Once a thriving industrial hub in Ukraine's eastern Donetsk region where cafes hummed with chatter and the streets pulsed with energy, Pokrovsk is now the latest Ukrainian city caught in the death grip of Russian forces.
Ever since Ukraine's counteroffensive to drive out invading Russian forces culminated with little success in October 2023, Russian troops have slowly pushed westward, capturing the Donetsk city of Avdiyivka and then the town of Vuldehar. Russia currently controls about 60 percent of Donetsk.

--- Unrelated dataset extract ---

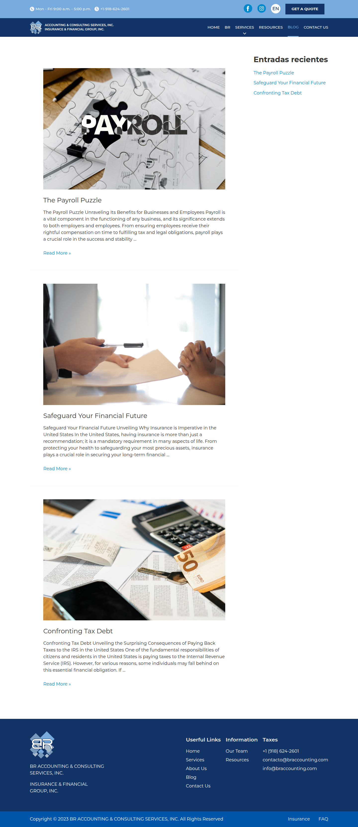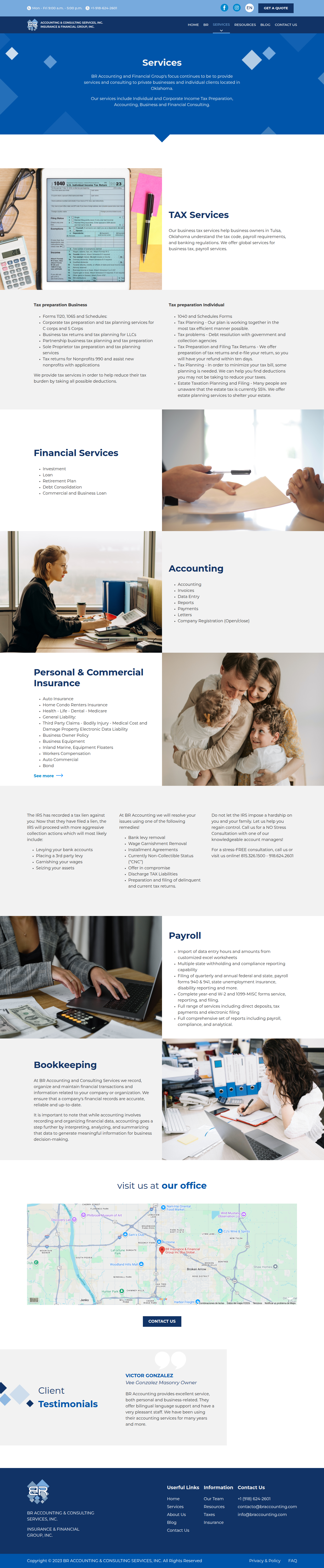 Desarrollo de una plataforma web corporativa para BR Insurance & Financial Group, una firma líder en asesoría contable y financiera con más de 25 años de trayectoria en Tulsa. El objetivo principal fue digitalizar la presencia de la marca, proyectando solidez, profesionalismo y confianza para su mercado bilingüe.

Now, reportedly just a few kilometers from the edge of town, Russian troops could be on the verge of taking Pokrovsk, a key logistics hub near the current front line.
"It would be a substantial blow to the Ukrainians, and I'm not sure one that they can stop from happening," David Silbey, a professor of military history at Cornell University in the United States, told RFE/RL.
"If they lose it, they lose that kind of fairly straightforward access to their defensive lines, and that makes it much harder to build up forces there and keep fighting," he said.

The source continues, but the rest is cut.